• [Exercise data]:

# # # # #

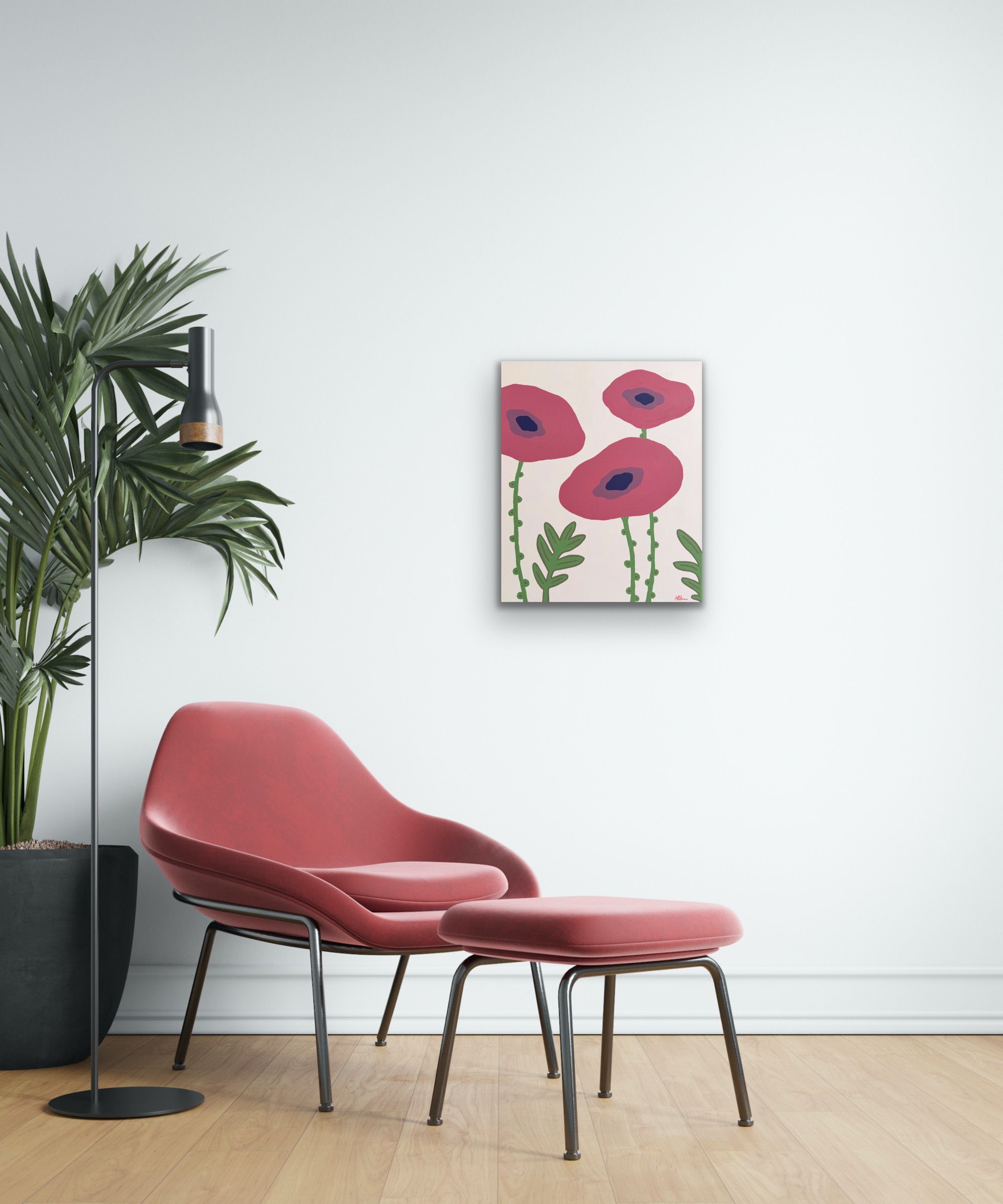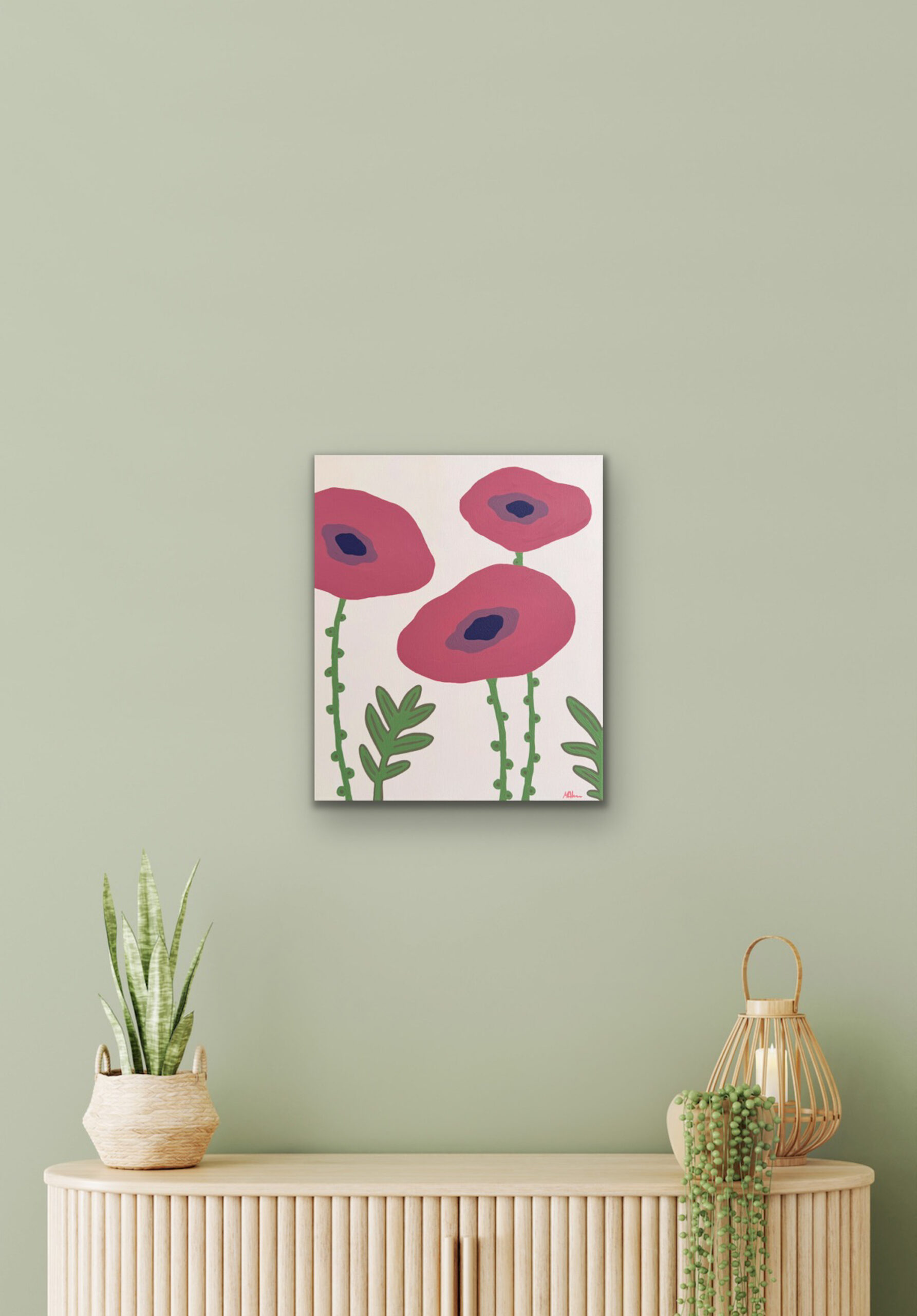 This acrylic painting depicts stylized poppies in a simplified, calm composition. The work focuses on clear shapes, muted color contrasts, and a sense of quiet space. By reducing details and leaving room for the background to breathe, the painting invites a slow, contemplative viewing. It is created as a gentle interior piece, bringing a feeling of stillness and soft rhythm into the space.
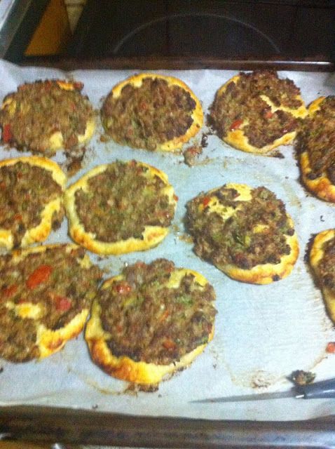 Βάζουμε όλα τα υλικά μαζί και τα ζυμώνουμε πολύ καλά.Κατόπιν ενώνουμε την ζύμη της πίτας με την ζύμη του κιμά. Περνούμε ζύμη σαν ένα μπαλάκι και την ανοίγουμε σαν ένα πιατάκι του καφέ και πιάνουμε λίγο κιμά και το απλώνουμε πάνω στην ζύμη. Τα τοποθετούμε σε λαδόκολλα στο ταψί και τα ψήνουμε σε προθερμασμενο φούρνο στους 180 βαθμούς όταν ροδίσουν είναι έτοιμα !
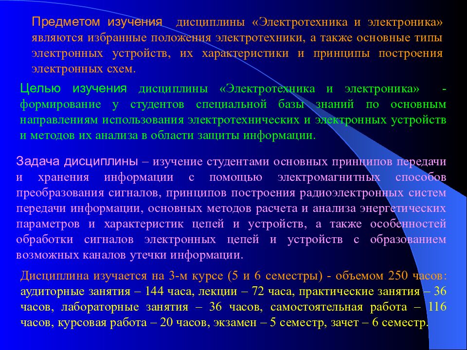 Предметом изучения дисциплины «Электротехника и электроника» являются избранные положения электротехники, а также основные типы электронных устройств, их характеристики и принципы построения электронных схем. Целью изучения дисциплины «Электротехника и электроника» - формирование у студентов специальной базы знаний по основным направлениям использования электротехнических и электронных устройств и методов их анализа в области защиты информации. Задача дисциплины – изучение студентами основных принципов передачи и хранения информации с помощью электромагнитных способов преобразования сигналов, принципов построения радиоэлектронных систем передачи информации, основных методов расчета и анализа энергетических параметров и характеристик цепей и устройств, а также особенностей обработки сигналов электронных цепей и устройств с образованием возможных каналов утечки информации. Дисциплина изучается на 3-м курсе (5 и 6 семестры) - объемом 250 часов : аудиторные занятия – 144 часа, лекции – 72 часа, практические занятия – 36 часов, лабораторные занятия – 36 часов, самостоятельная работа – 116 часов, курсовая работа – 20 часов, экзамен – 5 семестр, зачет – 6 семестр.
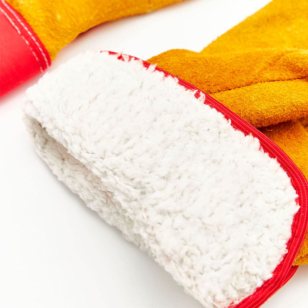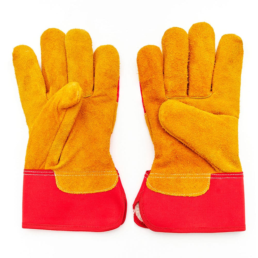 Перчатки для защиты от механических воздействий и пониженных температур, комбинированные, плотная смесовая ткань красного цвета со спилком защитная крага (прорезиненный жесткий защитный манжет), флисовая подкладка из хлопка на ладонной части и пальцах Спилок КРС- только спинная часть шкур, прошедших предварительный отбор ,спилок однородный, сорт АВ (1,4+/– 0,2 мм), шлифованный, желтого (золотого) цвета, двойные швы. Перчатки обеспечивают высокий комфорт, высокий уровень защиты от истирания и разрыва, хорошие показатели защиты от пореза и прокола. Перчатки рекомендованы для продолжительного ношения, могут быть использованы для проведения общих работ для защиты от пониженных температур механических воздействий в отсутствии жидких загрязнителей, таких как масло, водные растворы и тд, для защиты рук от ОПЗ

# # # # #

Full copy, no pictures: write out each line of the data exactly as it stands.

• [Problem solution]:
 This acrylic painting depicts stylized poppies in a simplified, calm composition. The work focuses on clear shapes, muted color contrasts, and a sense of quiet space. By reducing details and leaving room for the background to breathe, the painting invites a slow, contemplative viewing. It is created as a gentle interior piece, bringing a feeling of stillness and soft rhythm into the space.
 Βάζουμε όλα τα υλικά μαζί και τα ζυμώνουμε πολύ καλά.Κατόπιν ενώνουμε την ζύμη της πίτας με την ζύμη του κιμά. Περνούμε ζύμη σαν ένα μπαλάκι και την ανοίγουμε σαν ένα πιατάκι του καφέ και πιάνουμε λίγο κιμά και το απλώνουμε πάνω στην ζύμη. Τα τοποθετούμε σε λαδόκολλα στο ταψί και τα ψήνουμε σε προθερμασμενο φούρνο στους 180 βαθμούς όταν ροδίσουν είναι έτοιμα !
 Предметом изучения дисциплины «Электротехника и электроника» являются избранные положения электротехники, а также основные типы электронных устройств, их характеристики и принципы построения электронных схем. Целью изучения дисциплины «Электротехника и электроника» - формирование у студентов специальной базы знаний по основным направлениям использования электротехнических и электронных устройств и методов их анализа в области защиты информации. Задача дисциплины – изучение студентами основных принципов передачи и хранения информации с помощью электромагнитных способов преобразования сигналов, принципов построения радиоэлектронных систем передачи информации, основных методов расчета и анализа энергетических параметров и характеристик цепей и устройств, а также особенностей обработки сигналов электронных цепей и устройств с образованием возможных каналов утечки информации. Дисциплина изучается на 3-м курсе (5 и 6 семестры) - объемом 250 часов : аудиторные занятия – 144 часа, лекции – 72 часа, практические занятия – 36 часов, лабораторные занятия – 36 часов, самостоятельная работа – 116 часов, курсовая работа – 20 часов, экзамен – 5 семестр, зачет – 6 семестр.
 Перчатки для защиты от механических воздействий и пониженных температур, комбинированные, плотная смесовая ткань красного цвета со спилком защитная крага (прорезиненный жесткий защитный манжет), флисовая подкладка из хлопка на ладонной части и пальцах Спилок КРС- только спинная часть шкур, прошедших предварительный отбор ,спилок однородный, сорт АВ (1,4+/– 0,2 мм), шлифованный, желтого (золотого) цвета, двойные швы. Перчатки обеспечивают высокий комфорт, высокий уровень защиты от истирания и разрыва, хорошие показатели защиты от пореза и прокола. Перчатки рекомендованы для продолжительного ношения, могут быть использованы для проведения общих работ для защиты от пониженных температур механических воздействий в отсутствии жидких загрязнителей, таких как масло, водные растворы и тд, для защиты рук от ОПЗ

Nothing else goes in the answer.